I don’t always write about blindness or disabilities on this blog. Heck, once I even wrote a short piece about the birthday of the bikini–which also happens to be the birthday of former Prez George W. Bush. I argued that the bikini was aging better than “W”–an opinion that resulted in a firm rebuke from a right wing newspaper publisher in New Hampshire, but I digress. (In that post I also argued that people with disabilities might not be aging as well as the Prez, what with cuts in social programs, but there I go again–obviously I can’t get away from disability themes for long.)

But this isn’t about disability at all. It’s about the perfervid and nutty soap opera that American sports fans have been subjected to over the past 48 hours. The LeBron James “will-he-or-won’t-he-stay-in-Cleveland-story” got mixed up with the real game known as professional basketball.
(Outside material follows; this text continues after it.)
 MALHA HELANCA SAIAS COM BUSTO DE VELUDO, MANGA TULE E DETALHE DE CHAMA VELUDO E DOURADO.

Why you’d have never known that Mr. James and his team (the Cleveland Cavaliers) were actually playing the 17 time world champion Boston Celtics who are arguably one of the best professional sports franchises in all of pro sports. The way the LeBron story was pitched–whether the medium was TV or newspapers or the digital feeds–was that LeBron James was a strangely ailing medieval king, a man bewitched by dark forces, evil wizards from the underworld. Moreover, the story of the NBA playoff series between the Boston Celtics and the Cavaliers was discussed in the media as if the real sport of basketball was immaterial.   
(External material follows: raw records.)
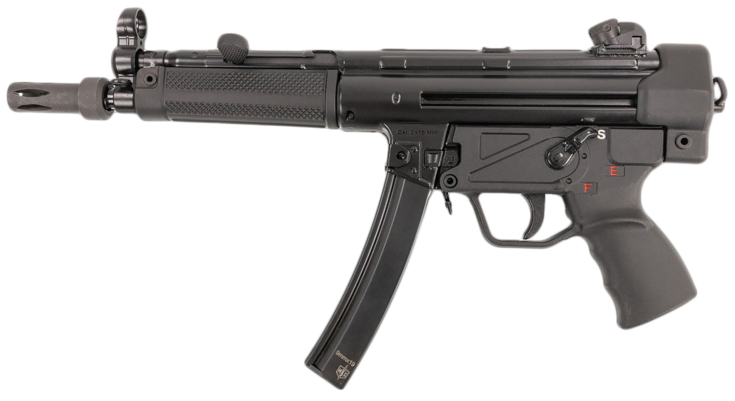Takes standard MP5 magazines. Includes two 30rd magazines, Tri-Lug flash hider, cleaning kit and sling.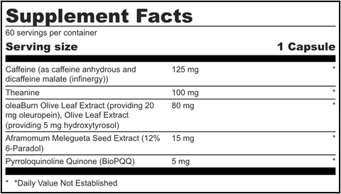 The legendary Alphamine, now in a capsule format. Each capsule delivers a burst of thermogenic energy from two forms of caffeine, aframomum melegueta (6-paradol), theanine, and our unique blend of olive leaf extracts providing both hydroxytyrosol and oleuropein. This carefully formulated fat burner delivers every time.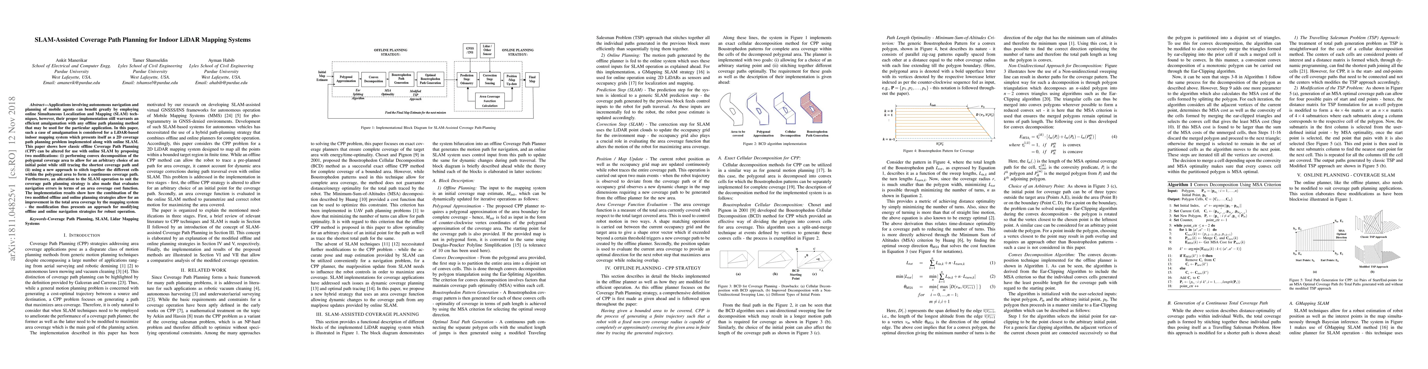 This paper proposes modifications to offline Coverage Path Planning (CPP) to integrate with online SLAM for LiDAR-based indoor mapping systems, enhancing area coverage. The approach includes convex decomposition and a new stitching method for continuous paths, along with a SLAM adaptation using an area coverage cost function.

Now I’m just a visually impaired university professor in Iowa, you betcha. But I grew up in New England in the 60’s and I listened to the Celtics on radio during the golden years of Bill Russell and Red Auerbach. I’ve been a Celtics fan ever since. (I still dream of Johnny Most on the radio.) Okay, so my bona fides to talk about the NBA are no better than the average Joe’s and I’ll stake no claim to being a candidate for the sports punditocracy. Yet I knew all along that the Celtics would beat the Cavs. I understood this because I actually pay attention to the NBA. I understood that the Celtics’ Rajon Rondo was a point guard who had finally come of age and by turns would give the already deep Boston starting lineup extra assurance and breadth. And realistically no one could say that Cleveland had breadth. And this was borne out in a series that underscored that the Celtics still have the hearts of a championship team.

But you’d never have guessed that Boston was really “in the house” given the nonsense that emanated from all corners of the media this past week.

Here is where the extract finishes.